It’s hard not to be gloomy about the future in the face of furious ignorance from conservatives like that. And it’s not like they’re a minority; since Reagan, the Republican party has migrated far rightward and crazy-ward until now it looks like they’re almost all like that.
Should you have the grave misfortune to find yourself inadvertently Republican, you have my sympathy. And my advice: get out of the crazy party.
Reason 5: Vaccine miracles, disinfromation curses
The redoubtable Helen Branswell, writing at STAT News, catalogs some of the ways in which the COVID-19 vaccines have been exactly what we mean when we say “miraculous” [7]:
- Record breaking efficacy at 90% and above, developed with record shattering speed. Just go back and read some of the early posts on this crummy little blog that nobody reads (CLBTNR), and you’ll see me gushing about that too (here, here, here, here, here, here,). Well done, vaccine makers.

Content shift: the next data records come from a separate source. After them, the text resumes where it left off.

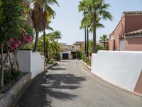 palm trees line the walkway down a street past a white wall and house with a red car parked on it
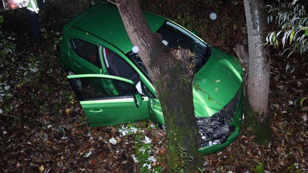 Şarampole yuvarlanan otomobil ağaca çarparak durabildi: 2 yaralı
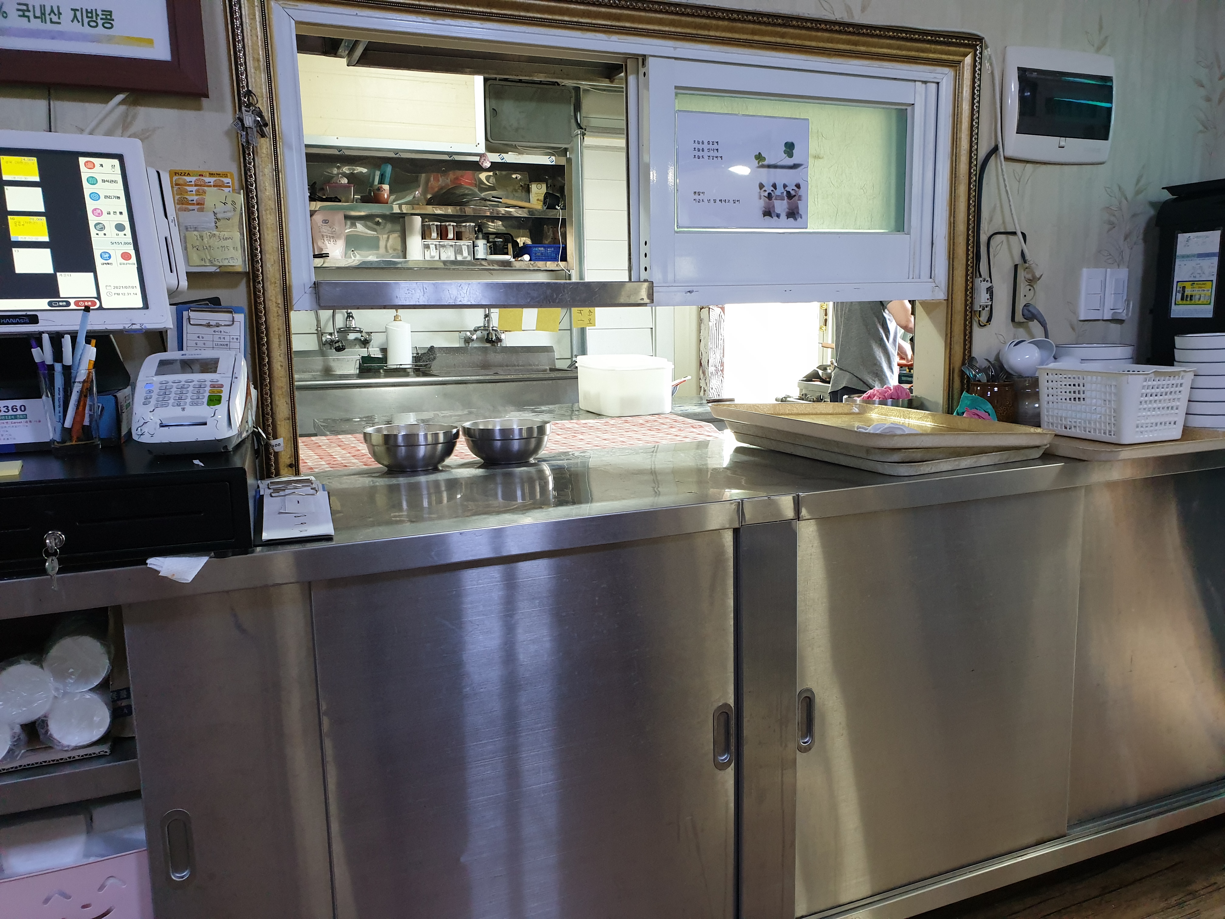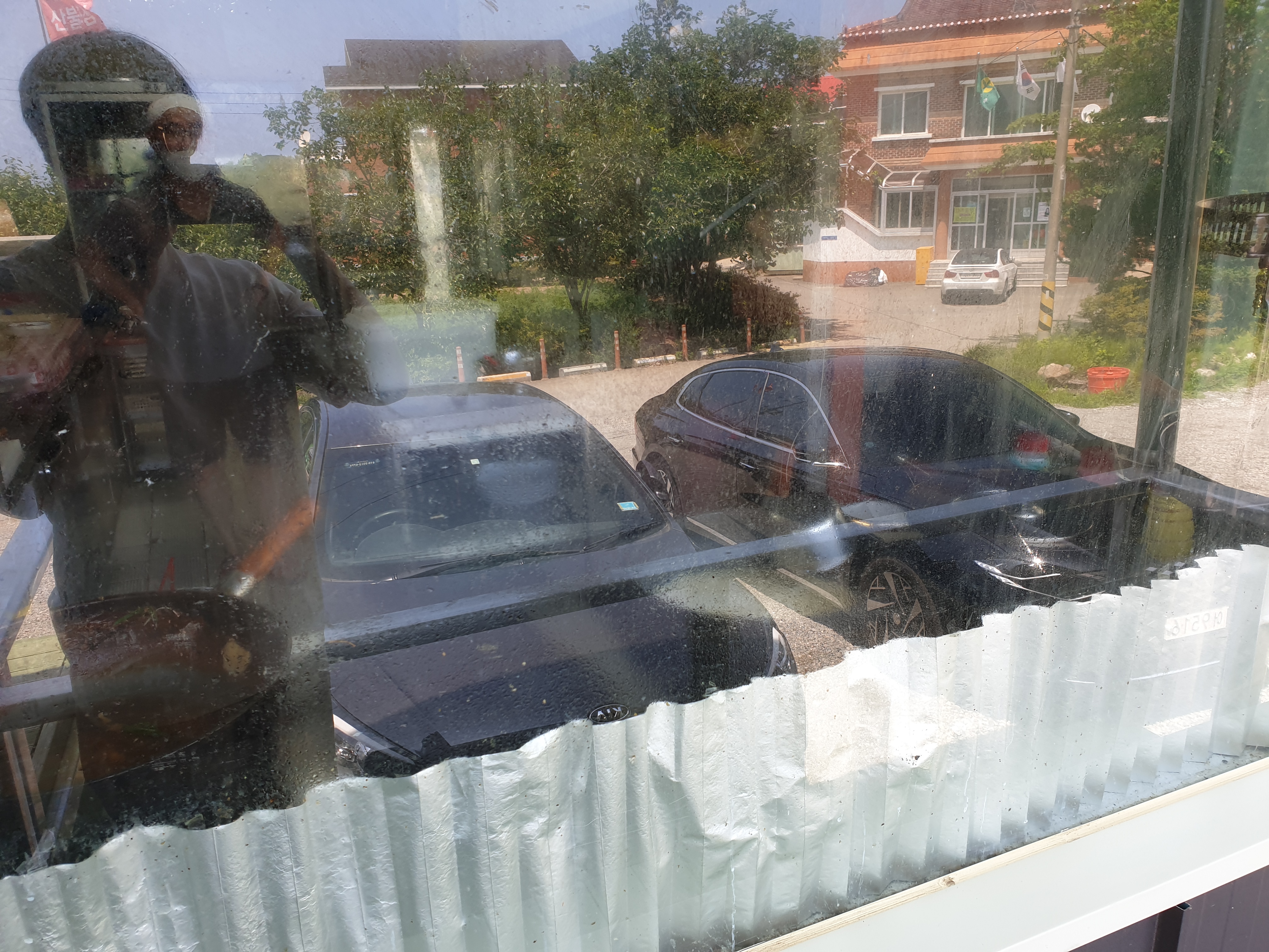 사진으로 찍으니 빛 반사 때문에 내부하 하나도 안보이네요. 이렇게 사장님의 부엌이 바깥창을 통해서 다 보입니다.
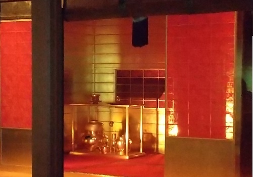 このほか畳表は朱紅色の猩々皮(しょうじょうひ)、茶道具も茶筅(ちゃせん)と茶巾(ちゃきん)を除いてすべて金箔を張った徹底ぶりです。

- Also, in a bit under 1 year, we’ve managed to vaccinate 55% of the entire human species! Yes: that’s too little, we haven’t done it equitably, we’ve done it too slowly to prevent variants, and so on. We’ll eventually do the right thing there (after, in the alleged words of Winston Churchill, “exhausting all possible alternatives”).
- Vaccination has saved millions of lives, just in the US; many more world-wide.
- We had a solid foundation in mRNA research, just poised to bear fruit at the exact moment it was needed. “Miracle” is, if anything, an understatement here.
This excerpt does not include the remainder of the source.